First we got the bomb, and that was good,
‘Cause we love peace and motherhood.
Then Russia got the bomb, but that’s okay,
‘Cause the balance of power’s maintained that way.
Who’s next?Then France got the bomb, but don’t you grieve,
‘Cause they’re on our side (I believe).
China got the bomb, but have no fears,
‘Cause they can’t wipe us out for at least five years.
Who’s next?…
South Africa wants two, that’s right:
One for the black and one for the white.
Who’s next?Egypt’s gonna get one too,
Just to use on you know who.
So Israel’s getting tense,
Wants one in self defense.
“The Lord’s our shepherd,” says the psalm,
But just in case we better get a bomb.
Who’s next?Luxembourg is next to go,
And (who knows?) maybe Monaco.
We’ll try to stay serene and calm
When Alabama gets the bomb.
Who’s next?
Who’s next?—Tom Lehrer, 1965
The following is a statement by A.Q. Khan, the Pakistani entrepreneur who sold nuclear weapons internationally:
If you want to buy a thing, you place the order directly and you get it. If you don’t give me [the item] for one reason or another, I ask Tom, Dick or Harry [for] this item. Could you please buy it for me? Okay, no problem. It is a commercial deal. The guy buys from you. You are not willing to sell it to me, but you are willing to sell it to Tom. So, Tom buys from you. He takes ten or fifteen percent and he says to me that this is purely a business deal.1
On January 7, 1939, Niels Bohr, his son Erik, and Bohr’s assistant Léon Rosenfeld left Copenhagen for the United States. Four days earlier, the Austrian-born physicist Otto Frisch, who had taken refuge in Bohr’s Copenhagen Institute, had told Bohr about the work that he and his aunt Lise Meitner had just done in Sweden. Drawing on experiments by the radio chemists Otto Hahn and Fritz Strassman—Meitner’s former colleagues in Berlin—Meitner and Frisch showed that it was possible to split uranium nuclei by bombarding them with neutrons. Over the years I have spoken with several physicists who were active in 1939 when this discovery was made. All of them, including Bohr, could not understand why they had not predicted it themselves. Robert Serber, a physicist recruited for the Manhattan Project in 1941 who played an essential role at Los Alamos, said to me, “How could we have been so stupid?” This was the discovery that made nuclear weapons possible.

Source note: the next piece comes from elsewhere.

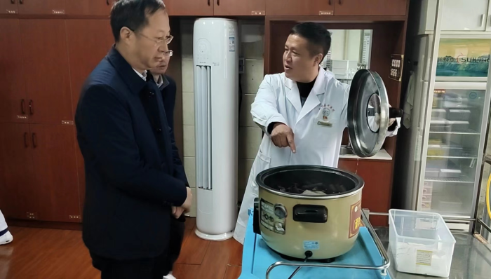 安仕海一行先后到治未病科、皮肤科、外科、康复科、骨伤科、民族医药学科(天柱县侗医研究院)、煎药室、百草园等进行调研,对中医药人才培养、临床应用、特色优势等方面进行了深入的了解。

The uranium that Hahn and Strassman used in Berlin was natural uranium from a mine. It consisted of two predominant isotopes: uranium-238 and uranium-235. Isotopes of atoms have nuclei that contain the same number of protons but different numbers of neutrons; uranium-238 and uranium-235 differ by three neutrons. Over 99 percent of natural uranium is uranium-238, but Bohr realized that only the uranium-235 fissioned in these experiments. Moreover the process was such that any neutron—regardless of the amount of energy it contained—would cause a uranium-235 nucleus to split, while it took a minimum threshold of energy for a neutron to induce fission in uranium-238. Thus the distinction between “fissile” nuclei—U-235—and “fissionable” nuclei—U-238—was discovered.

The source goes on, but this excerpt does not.